Dataset excerpt
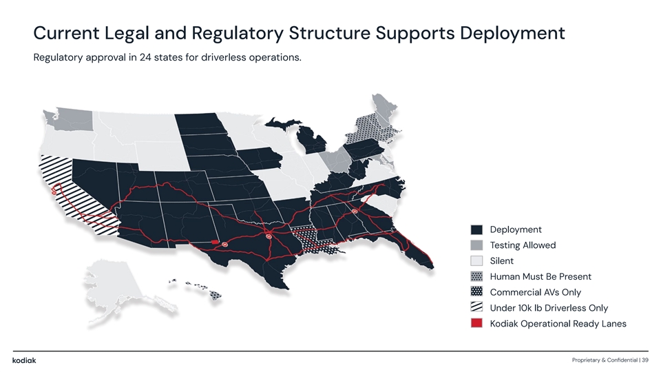 Current Legal and Regulatory Structure Supports Deployment Regulatory approval in 24 states for driverless operations. Deployment Testing Allowed Silent Human Must Be Present Commercial AVs Only Under 10k lb Driverless Only Kodiak Operational Ready Lanes Proprietary & Confidential | 39
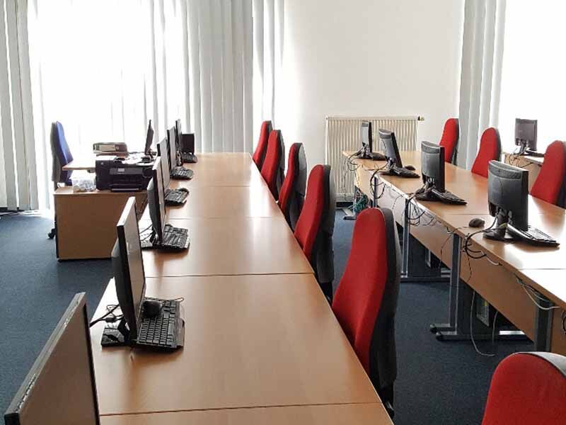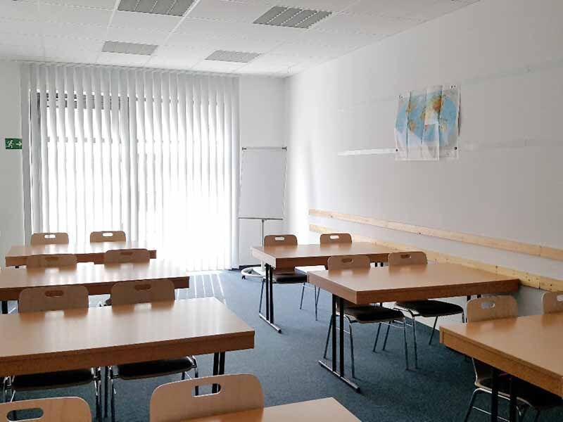 Das große Gebäude in der Lederergasse 2 stammt aus den 90ern und beherbergt sowohl gewerbliche als auch private Mieter. Großer Vorteil: Auch die Agentur für Arbeit befindet sich im gleichen Haus. Die Schulungsräume im Erdgeschoss bieten mit großen Fensterfronten und Teppichboden eine angenehme Arbeitsatmosphäre. Ihre Unterrichtszeit liegt zwischen 8 und 16:15 Uhr. Der Pausenraum verfügt über Tische und Stühle zum Essen, Kaffee- und Kaltgetränkeautomat zur Stärkung sowie drei Sofas zum Entspannen.
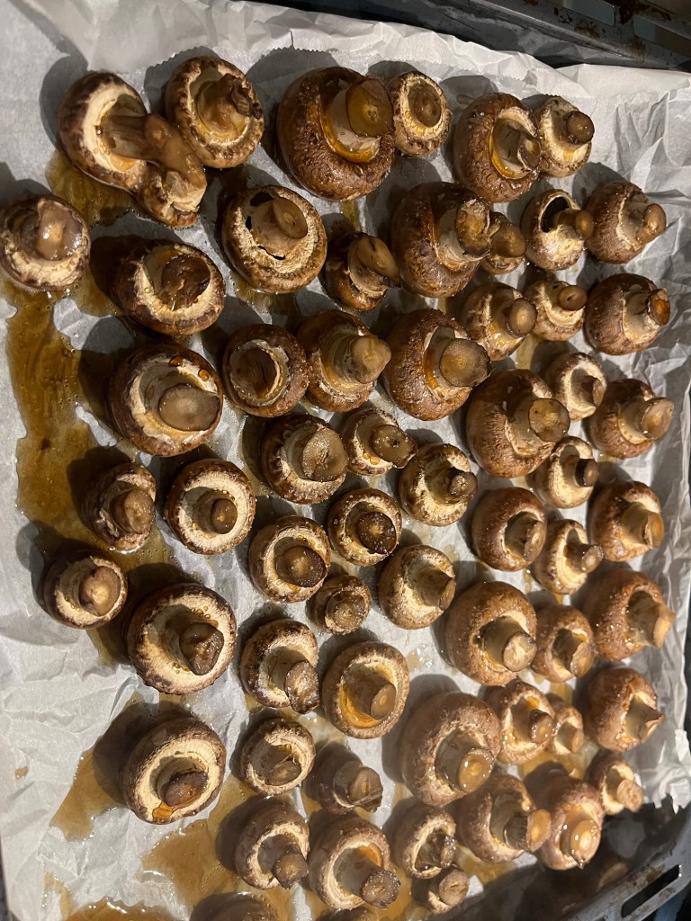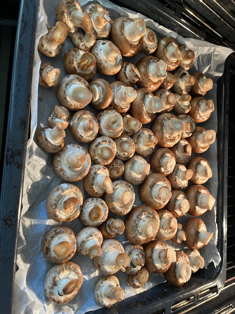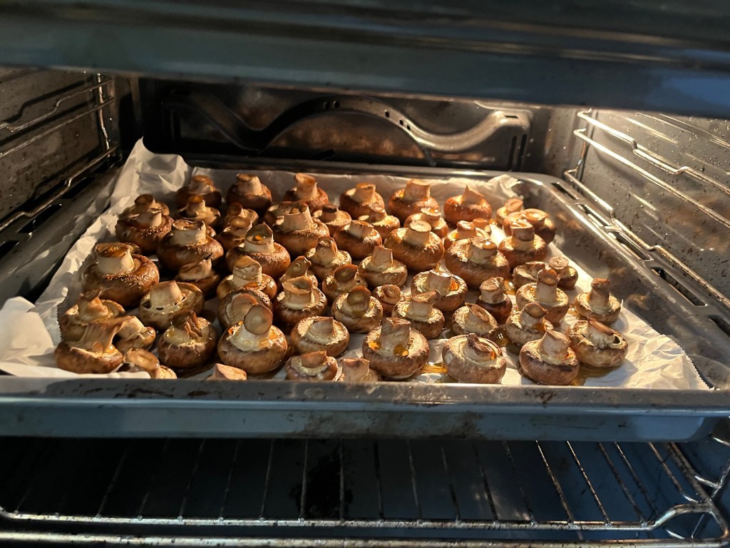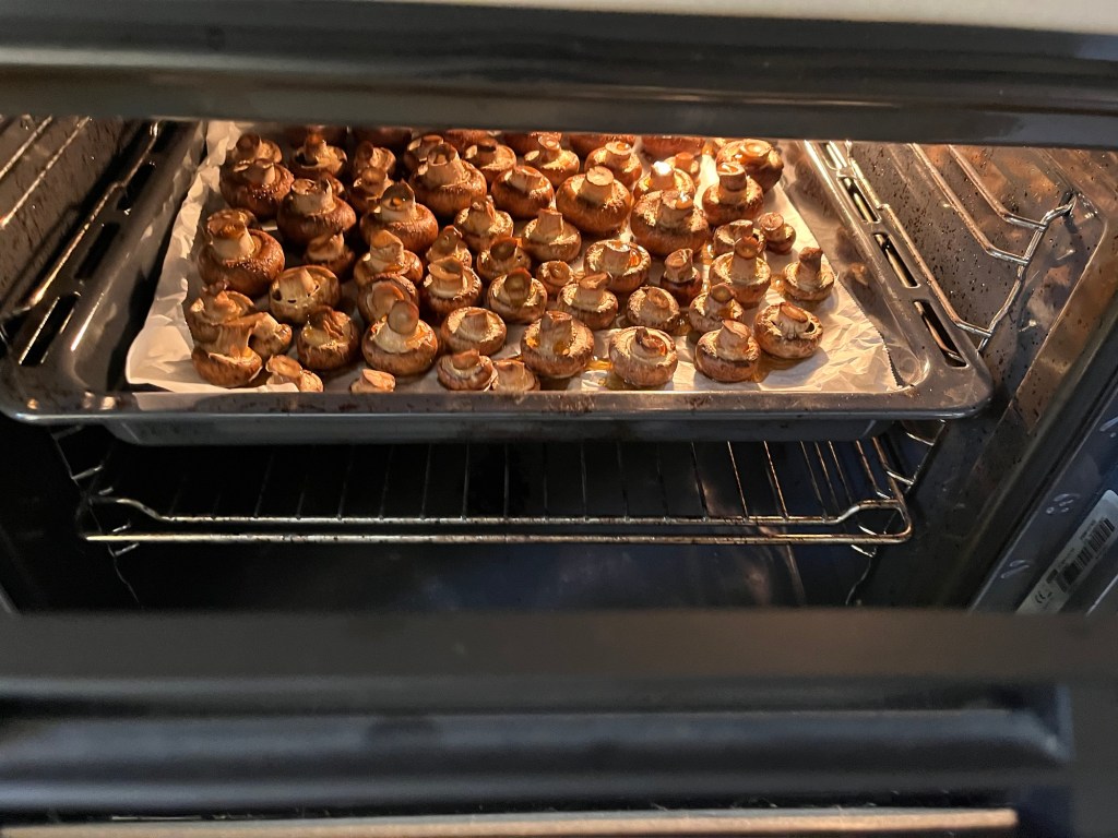 Se spală ciupercile după care, întregi, se pun pe hârtie de copt la cuptor, 15 minute, 200 de grade, încălzire sus-jos, cu ventilație.
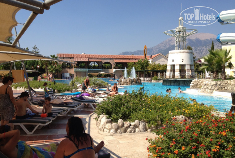 Территория отеля ухоженная, зеленая, шикарный вид на горы. Огромные бассейны с новыми водными горками. Целый аквапарк на территории отеля.

Exercise prompt
Copy the listing in full and without alteration, omitting every picture.

Exercise result
 Current Legal and Regulatory Structure Supports Deployment Regulatory approval in 24 states for driverless operations. Deployment Testing Allowed Silent Human Must Be Present Commercial AVs Only Under 10k lb Driverless Only Kodiak Operational Ready Lanes Proprietary & Confidential | 39
 Das große Gebäude in der Lederergasse 2 stammt aus den 90ern und beherbergt sowohl gewerbliche als auch private Mieter. Großer Vorteil: Auch die Agentur für Arbeit befindet sich im gleichen Haus. Die Schulungsräume im Erdgeschoss bieten mit großen Fensterfronten und Teppichboden eine angenehme Arbeitsatmosphäre. Ihre Unterrichtszeit liegt zwischen 8 und 16:15 Uhr. Der Pausenraum verfügt über Tische und Stühle zum Essen, Kaffee- und Kaltgetränkeautomat zur Stärkung sowie drei Sofas zum Entspannen.
 Se spală ciupercile după care, întregi, se pun pe hârtie de copt la cuptor, 15 minute, 200 de grade, încălzire sus-jos, cu ventilație.
 Территория отеля ухоженная, зеленая, шикарный вид на горы. Огромные бассейны с новыми водными горками. Целый аквапарк на территории отеля.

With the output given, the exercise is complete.